(Records contained in a dataset)
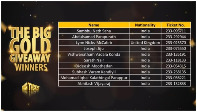 ഒക്ടോബര് 22 മുതല് 29 വരെയുള്ള കാലയളവില് ബിഗ് ടിക്കറ്റിന്റെ ബൈ ടു ഗെറ്റ് വണ് ഫ്രീ ഓഫറിലൂടെ ടിക്കറ്റുകളെടുത്തവരെയാണ് ബിഗ് ഗോള്ഡ് ഗിവ് എവേ നറുക്കെടുപ്പില് ഉള്പ്പെടുത്തിയത്. ഇലക്ട്രോണിക് നറുക്കെടുപ്പ് വഴി 10 ഭാഗ്യശാലികളെയാണ് ബിഗ് ടിക്കറ്റ് അധികൃതര് തെരഞ്ഞെടുത്തത്. ഇവര്ക്ക് ഓരോരുത്തര്ക്കും 100 ഗ്രാം വീതം 24 കാരറ്റ് സ്വര്ണം സമ്മാനമായി ലഭിച്ചു.
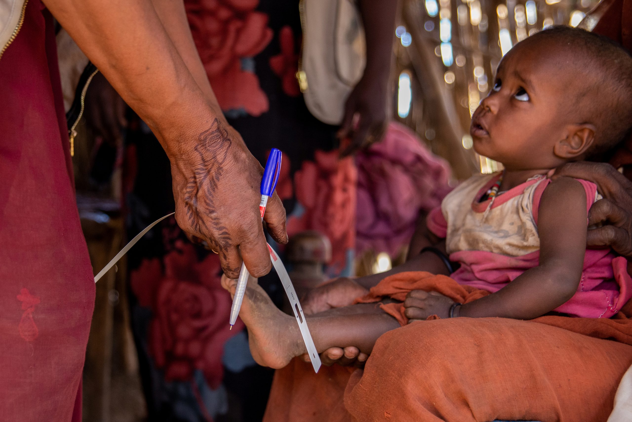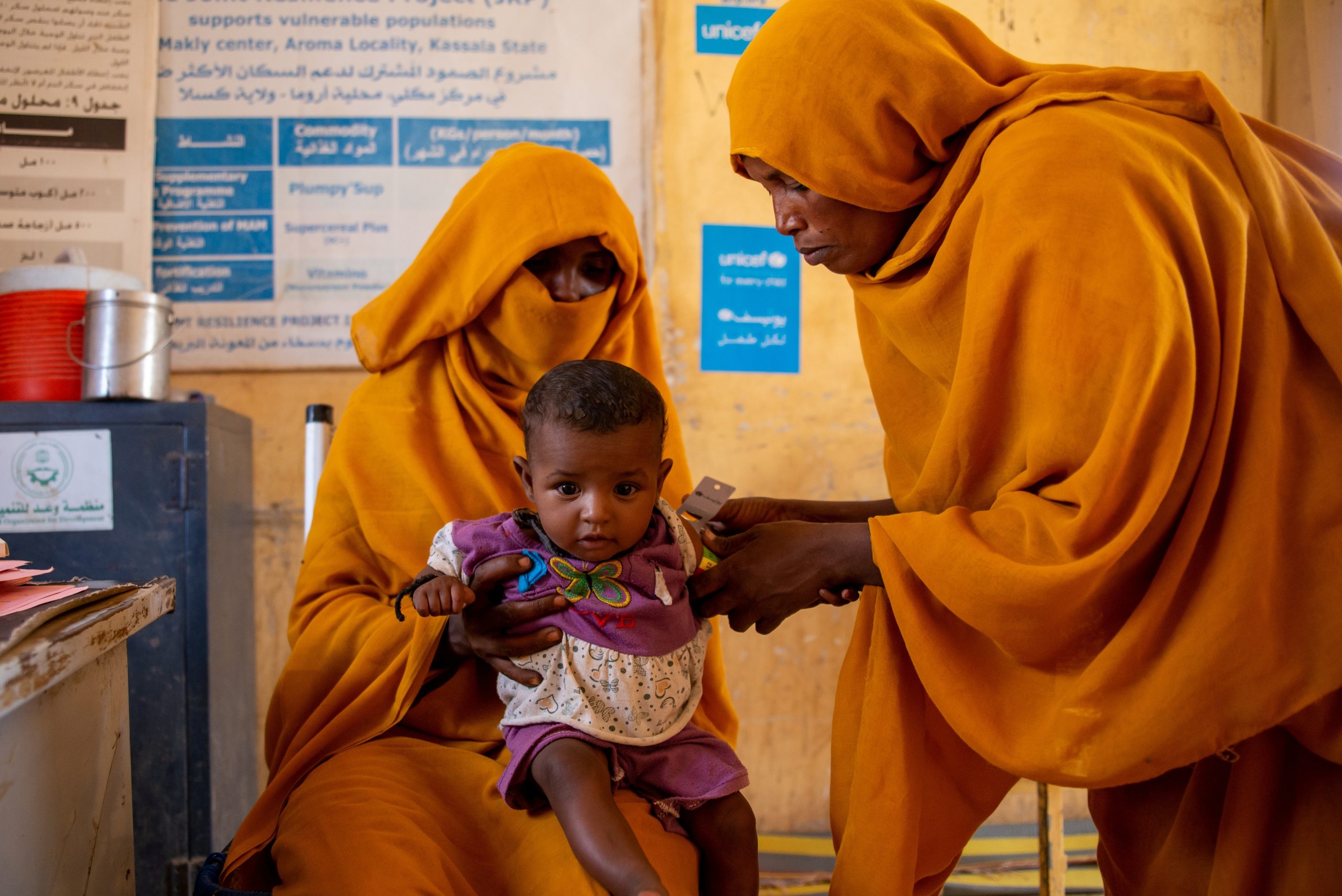国中で飢きんのリスクが高まっていることを受け、ユニセフは栄養支援を急速に拡大し、パートナーとともに取り組んでいます。東部のカッサラ州アロマでは、ユニセフの支援で、保健ボランティアのチームが家々を訪問し、子どもの栄養状態の検査を行っています。
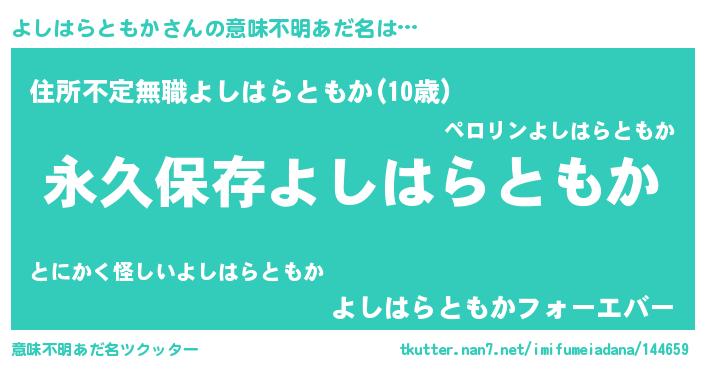 | 男性向けラノベタイトル風あだ名 | 『うちのよしはらともかが世界を掌握している!』 |
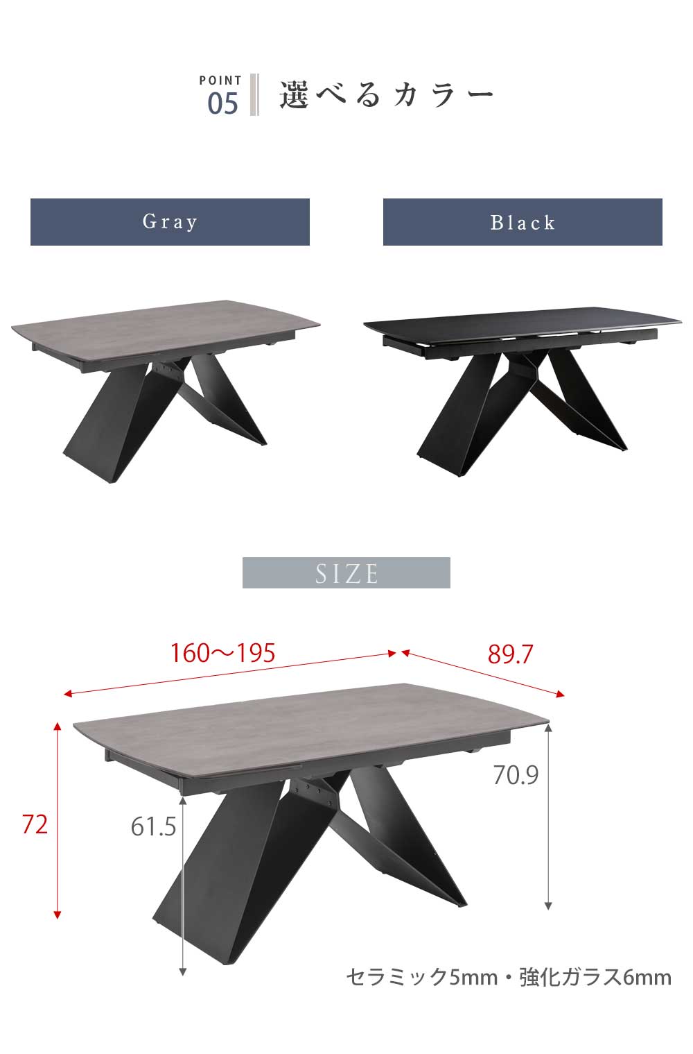 天板:6mm厚ガラス/5mm厚セラミック 脚:スチール 数秒でらくらく、スムーズに伸長 耐熱性あり、傷や汚れに強い天板 見る角度によって表情を変える重厚かつ洗練された脚 |
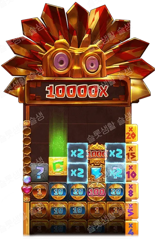• 행 채우기: 한 줄을 가득 채우면 드롭 횟수가 6회로 초기화되며, 채워진 행의 수에 따라 멀티플라이어가 최대 20배(20x)까지 상승합니다.
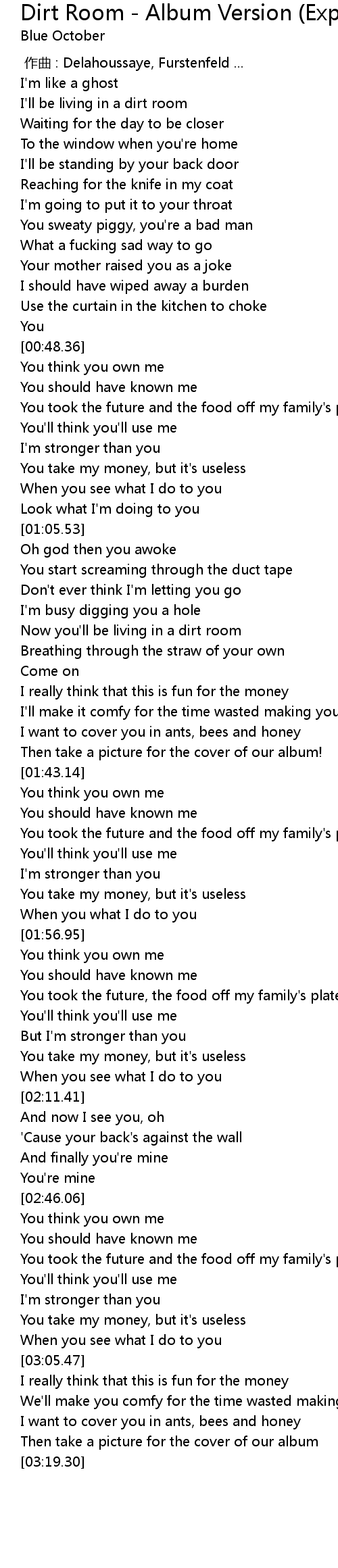 | [01:23.42] | Now you' ll be living in a dirt room |
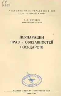 - Корецкий, В. М. Декларации прав и обязанностей государств. — Киев: Изд-во АН Украинской ССР, 1962. — С. 153.
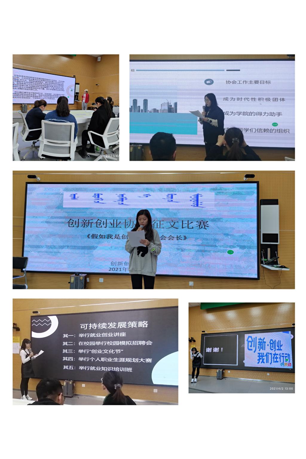 為充分鍛煉創(chuàng)新創(chuàng)業(yè)協(xié)會(huì)同學(xué)們的創(chuàng)新能力與創(chuàng)新思維,發(fā)揮同學(xué)們的主觀能動(dòng)性,推動(dòng)創(chuàng)新創(chuàng)業(yè)協(xié)會(huì)工作,由創(chuàng)新創(chuàng)業(yè)學(xué)院策劃、布置了以《假如我是創(chuàng)新創(chuàng)業(yè)協(xié)會(huì)會(huì)長(zhǎng)》為題的征文比賽,于2021年3月29日中午和4月2日中午分兩場(chǎng)在體育館五樓正式舉行。3月29日首場(chǎng)征文比賽上創(chuàng)新創(chuàng)業(yè)學(xué)院院長(zhǎng)哈斯同力嘎做了開場(chǎng)講話,為同學(xué)們鼓氣加油并提出些許殷切期望。兩場(chǎng)比賽分別邀請(qǐng)了各5名創(chuàng)新創(chuàng)業(yè)骨干教師當(dāng)評(píng)委,有心物教育專任創(chuàng)新創(chuàng)業(yè)課程講師王新域、巴雅爾,創(chuàng)新創(chuàng)業(yè)骨干教師陳玉珍、敖日罕、張璟華、白寶華、珠麗等諸位教師,為參賽者進(jìn)行現(xiàn)場(chǎng)評(píng)比打分。經(jīng)過兩場(chǎng)激烈角逐,征文比賽落下帷幕。4月22日,在體育館五樓舉行征文比賽頒獎(jiǎng)儀式,評(píng)決出一等獎(jiǎng)一名、二等獎(jiǎng)三名、三等獎(jiǎng)五名,并對(duì)對(duì)獲獎(jiǎng)學(xué)生頒發(fā)獎(jiǎng)狀,以資鼓勵(lì)。在各位老師與協(xié)會(huì)成員的共同努力下,此次征文比賽圓滿完成。
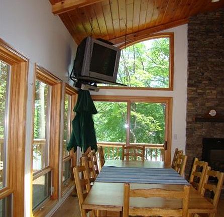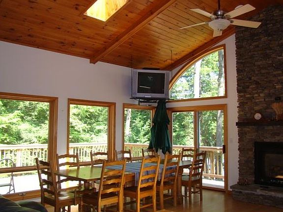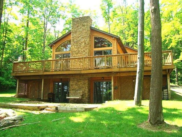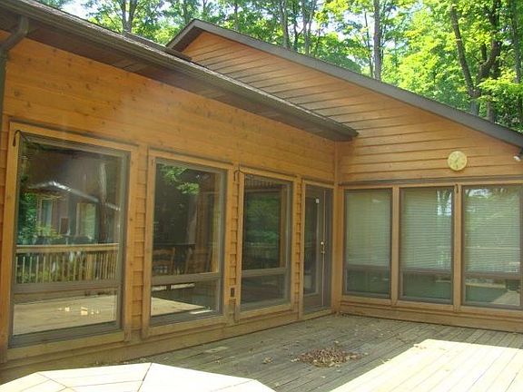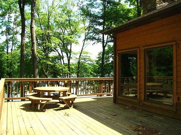 Beautifiul lakefront home with 100' waterfrontage; warm wood cathedral ceilings, sky lights, walls of glass with awesome views, 2 stone fireplaces. Low maintenance synthetic wood floors throughout; spacious kitchen breakfast island, custom cabinets, terrific family room with fireplace opens to lakeside patio. Liquid radiant heat in floors. Wrap decking at the house. Fantastic waterfront area includes boat docks, deck with seating and wonderful views. This is the ideal "lake home" with a great floor plan
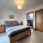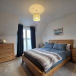 King-size bedroom with en-suite shower room & dressing room; large double tilt & open windows with sea views, space for a range of furniture; carpeted flooring; walk-in dressing room with a selection of shelving & clothes rails, and lighting within.
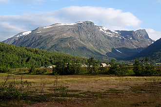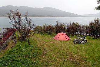 We checked out of the hotel in brilliant sunshine at 12:00 pm and had a fantastic ride. We headed to Breivikeidet, about 50 km away to catch the ferry to Svensby and then from there another 20 km or so to Lungseidet to catch a ferry to Olderdalen. The first leg was along a flat, quiet road that rolled along between fabulous snowcapped mountains with waterfalls running from top to bottom and birch forest. It was a very different ride to any we had had in Norway thus far, more like Finland really if you ignored the spectacular mountain scenery. The next leg was along a fjord with steep scree slopes from the surrounding mountains rushing down to water's edge. We were amazed that this was not also given National Tourist Route status as it was some of the most dramatic scenery we had seen. Not complaining though, as it meant fewer campervans for us. We shopped in Lyngseidet and waited for the ferry in the glorious sunshine, staring into the clear depths of the harbour before us. Arriving in Olderdalen at 6:30 pm we noticed that the place names are now in Norwegian and Sámi and started looking for a bush camp. We found a place a few kilometres down the road where there was access to a river for a swim and also a place to pitch the tent. It looked as if it had once been a sort of holiday cabin place as there were a few numbered wooden cabins in disrepair and a "kioski" building also old and rundown. We pitched the tent quick smart as we were being attacked from all sides by mozzies and horseflies, then rushed down to the river for a quick in and out swim, and then back to the tent before the mozzies caught up. Once in our tent we are safe and feel at home! Looking at the map it was amazing to see how close we are to Finland from here.
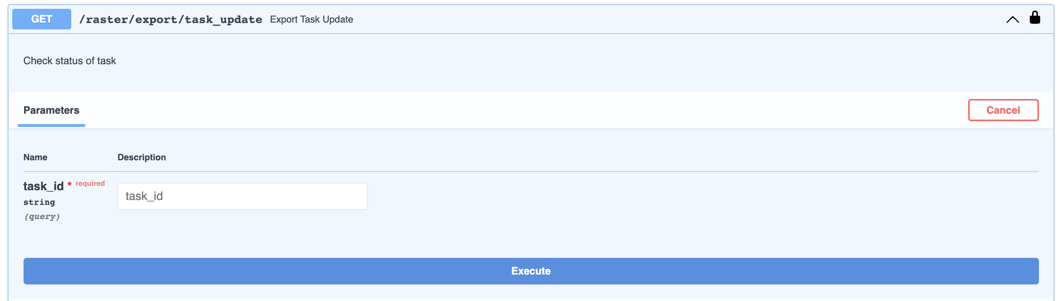 Once you click the execute button, you get multiple outputs. The curl and request URL show the request you made. The response body outline the task generated from the parameters you submitted. You can see that the state of the task starts as ready. As the task is completed, the state is updated to COMPLETE. You can check the state using the /export/task_update endpoint and the task id (which is right above name is the response body).
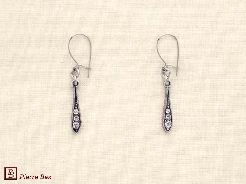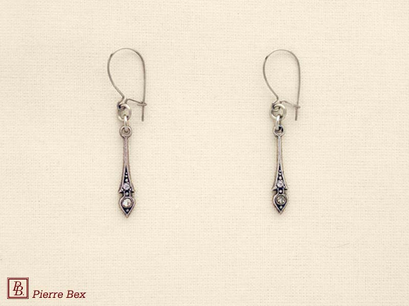 ![]() Art-Deco earrings with rhinestones 45215-11USD 15.00![]() Made by Pierre-Bex from silverplated copper with rhinestones. the length of these mini earrings is 2.5 cm ( 1 inch ). USD 15.00 |
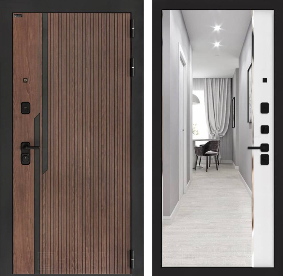 Входная дверь ART LT-34 | внутри с зеркалом Панорама - Белый софт
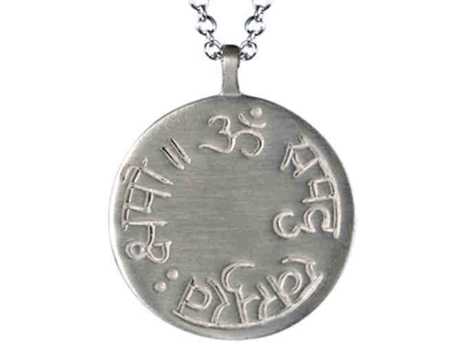 "Indifferent to pain and pleasure, patient and enduring," are inscribed in Sanskrit from the Bhagavad Gita. Silver medallion measures just under 1 inch in diameter and hangs from an adjustable length tan rope necklace. The item comes in a box with a golden bow, that contains the necklace and a red Me & Ro pouch.
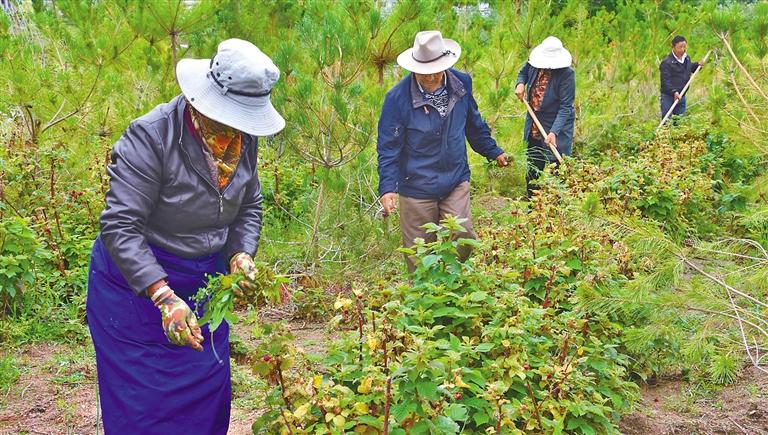 圖為村民在養(yǎng)護樹莓。
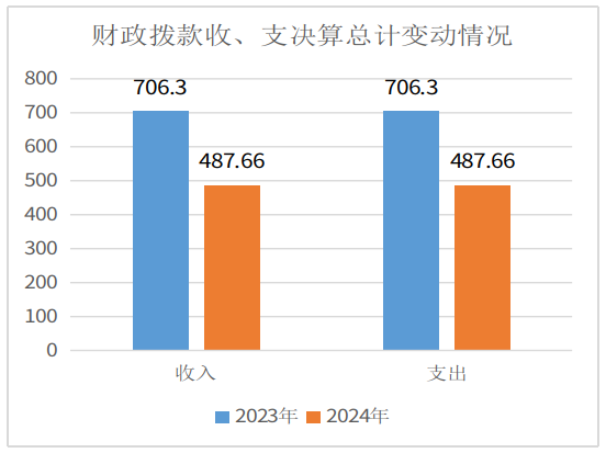2024年度财政拨款收、支总计均为487.66万元。与2023年度相比,财政拨款收、支总计各减少218.64万元,下降30.96%。主要变动原因是项目收支减少。
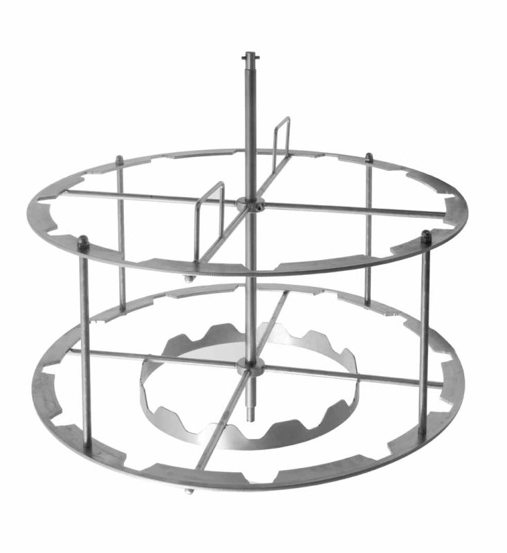 - De radiale slingerkorf kan eenvoudig worden omgebouwd naar een tangentiële korf door additioneel vier inhaakroosters voor tangentiële werking Art. nr. 7761 te plaatsen. Daarmee kunnen vier grote ramen tot 30 cm hoogte worden geslingerd. In dat geval kan een inhaakzak voor ontdekkingswas Art. nr. 7758 in de korf gehangen worden, zodat de honing uit de wasdeksels kan wegvloeien.
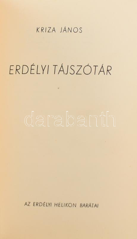 Kriza János: Erdélyi tájszótár. Az Erdélyi Helikon Barátainak ajándékk... https://www.darabanth.com/en/504-Online-auction/504.0/Books/Books-Other-rarities~2500040/Kriza-Janos-Erdelyi-tajszotar-Az-Erdelyi-Helikon-Baratainak-ajandekkonyve-Bp-1940-~II3420620
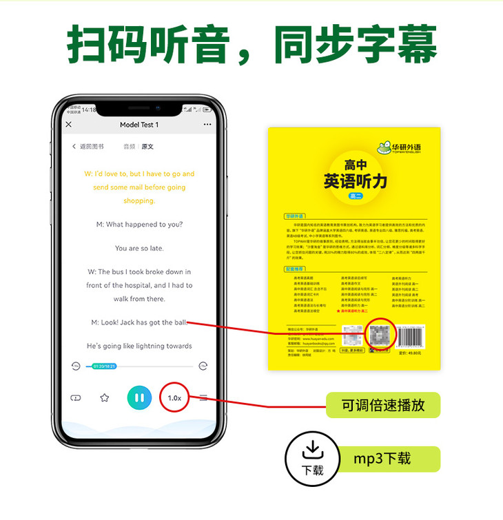4. 提供短对话、长对话和独白三大专项的训练共约400题;提供30套标准模拟训练,共600题,题型、设题模式与高考英语听力一致,难度符合高一阶段的难度要求;
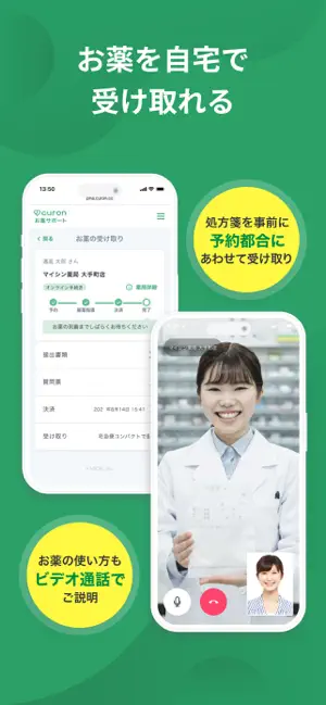 スマートフォンまたはPCから、病院(クリニック)の診察をビデオ通話で受け、ご自宅で処方箋またはお薬の受け取りが可能です。決済はクレジットカードに対応しています。

> _Work to complete_: For this exercise, reproduce exactly the lines of the records above from the one with "- Корецкий, В." up to and including the one with "Beautifiul lakefront home", without pictures.

> _Solution for this task_:
 - Корецкий, В. М. Декларации прав и обязанностей государств. — Киев: Изд-во АН Украинской ССР, 1962. — С. 153.
 為充分鍛煉創(chuàng)新創(chuàng)業(yè)協(xié)會(huì)同學(xué)們的創(chuàng)新能力與創(chuàng)新思維,發(fā)揮同學(xué)們的主觀能動(dòng)性,推動(dòng)創(chuàng)新創(chuàng)業(yè)協(xié)會(huì)工作,由創(chuàng)新創(chuàng)業(yè)學(xué)院策劃、布置了以《假如我是創(chuàng)新創(chuàng)業(yè)協(xié)會(huì)會(huì)長(zhǎng)》為題的征文比賽,于2021年3月29日中午和4月2日中午分兩場(chǎng)在體育館五樓正式舉行。3月29日首場(chǎng)征文比賽上創(chuàng)新創(chuàng)業(yè)學(xué)院院長(zhǎng)哈斯同力嘎做了開場(chǎng)講話,為同學(xué)們鼓氣加油并提出些許殷切期望。兩場(chǎng)比賽分別邀請(qǐng)了各5名創(chuàng)新創(chuàng)業(yè)骨干教師當(dāng)評(píng)委,有心物教育專任創(chuàng)新創(chuàng)業(yè)課程講師王新域、巴雅爾,創(chuàng)新創(chuàng)業(yè)骨干教師陳玉珍、敖日罕、張璟華、白寶華、珠麗等諸位教師,為參賽者進(jìn)行現(xiàn)場(chǎng)評(píng)比打分。經(jīng)過兩場(chǎng)激烈角逐,征文比賽落下帷幕。4月22日,在體育館五樓舉行征文比賽頒獎(jiǎng)儀式,評(píng)決出一等獎(jiǎng)一名、二等獎(jiǎng)三名、三等獎(jiǎng)五名,并對(duì)對(duì)獲獎(jiǎng)學(xué)生頒發(fā)獎(jiǎng)狀,以資鼓勵(lì)。在各位老師與協(xié)會(huì)成員的共同努力下,此次征文比賽圓滿完成。
 Beautifiul lakefront home with 100' waterfrontage; warm wood cathedral ceilings, sky lights, walls of glass with awesome views, 2 stone fireplaces. Low maintenance synthetic wood floors throughout; spacious kitchen breakfast island, custom cabinets, terrific family room with fireplace opens to lakeside patio. Liquid radiant heat in floors. Wrap decking at the house. Fantastic waterfront area includes boat docks, deck with seating and wonderful views. This is the ideal "lake home" with a great floor plan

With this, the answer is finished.